The day after we got home from the hospital the visiting nurse stopped by, observed our breastfeeding and took the baby’s billirubin levels. About 4 hours later; less than 24 hours after being home, we received a call from the pediatrician’s office – the baby’s bllirubin levels had shot way up and he needed to be admitted to the Children’s hospital for care and observation. It was heart crushing and scary.
In the hospital he was put under the blue lights and when I nursed him I had to keep him wrapped in a light therapy blanket. It was here that the staff nurse argued with me about my “nursing schedule”. When I told them I was feeding on demand about every two hours or so one nurse responded very flippantly “that’s not nursing, that’s snacking”. The same nurse wanted to give him a pacifier. When I expressed concern over nipple confusion, she flippantly answered “there is no such thing.” Yeah, she was a real gem.

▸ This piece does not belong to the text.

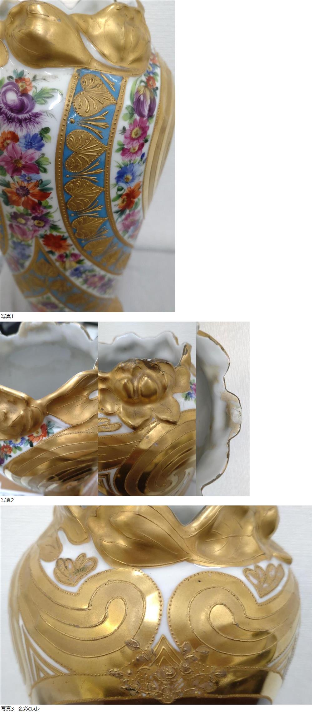 | ●商品説明● | ご覧いただき誠にありがとうございます。 『飾り壺 高さ約:36.5cm 貴婦人肖像画 花紋様 金彩 手描きアンティーク キャビネット花瓶 』の出品になります。 ![]() 【状態】 頂き物です。 画像の通り、縁に一カ所チップ、その修復跡があります。 その他、経年による金彩のスレや内側や底面に汚れ見られます。 画像にてご確認お願いします。 ☆☆アンティークの風合いとして見れる箇所もございますので、 アンティーク品にご理解のある方の入札をお待ちしております。☆☆ ※カテゴリー選択上、『1800年-1900年』としていますが、デザインや風合いからの正確な年代の判別は、落札者様にて画像よりご判断お願いいたします。 ご了承の上入札お願い致します。 ※状態はあくまでの出品者主観によるものです。 全ては写真にてご判断願います。 ※専門家ではない為、見落としがあるかも知れませんが その場合は、ご容赦ください。 【商品】 『飾り壺 高さ約:36.5cm 貴婦人肖像画 花紋様 金彩 手描きアンティーク キャビネット花瓶 』 ※素人カウントゆえ多少の誤差はご容赦ください。 高さ約:36.5cm 最大幅約:12cm 口径(内径)約:8cm 専門的な質問にお答え致しかねますのでご了承頂ける 方のみご入札お願い致します。 ※※神経質な方はご遠慮くださいませ。 素人ですので専門的な質問には答えられません。 また領収書の発行は行っていませんのでご了承ください。 落札後のクレーム・返品・質問は一切受け付けておりません。 質問がある場合は【事前に・落札前に】お願いいたします。 ★上記の内容に理解を得られる方、また画像で判断できる方のみご入札をお願いします。 | |
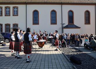 Stefan Brand, musikalischer Leiter der Band, hatte eine sorgfältige Auswahl an Liedern getroffen, die den keltischen Geist und die traditionelle schottische Musik perfekt einfingen. Die Dudelsäcke wurden begleitet von Brassinstrumenten, Trommeln und Kesselpauken, was die Zuhörer auf eine klangliche Reise mitnahm. Neben Klassikern wie „Scotland the Brave“, „Mull of Kintyre“, „Loch Lomond“, „Amazing Grace“ und „Auld lang Syne“ wurde auch das imposante „Highland Cathedral“ gespielt. Die Gäste lauschten interessiert den Erklärungen des Pipe Major's zu den einzelnen Musikstücken und genossen die einzigartige Darbietung.

Despite feeding around the clock, I was told that my son’s levels were not decreasing and I needed to pump so they could monitor how much he was taking in. I obliged, and the doctor’s were happy with my output and how much he was drinking. However by morning he was showing signs of dehydration and had stopped urinating. His weight had dropped to 6 lbs. 13 oz, more than 20% less than his birth weight. He was given an oral electrolyte and I was encouraged to keep nursing and pumping.
As we neared nearly 24 hours of no urine he was put onto IV fluids; and then finally he started going to the bathroom and his jaundice improved. Aside from being overwhelmingly scared, while he was being treated I feared him being offered formula as a way to “cure” the jaundice. Thankfully that never happened this time.
Today we celebrate 19 months of nursing. Not only did I meet my goal of exclusively breastfeeding for the first 6 months; but I far surpassed my year goal.
Initially, breastfeeding was important to me as it was “the right thing to do”. I wanted to be the best parent possible and in my eyes that meant breastfeeding. I wanted to offer the best possible start and get the bonding experience I’ve heard breastfeeding offered with my baby. However breastfeeding has become so much more than that to me now. I am training to be a breastfeeding consultant through an organization called Breastfeeding USA, which is an evidence based breastfeeding peer support group. I have become really became passionate about breastfeeding and wanted to help other women obtain the same success I have.”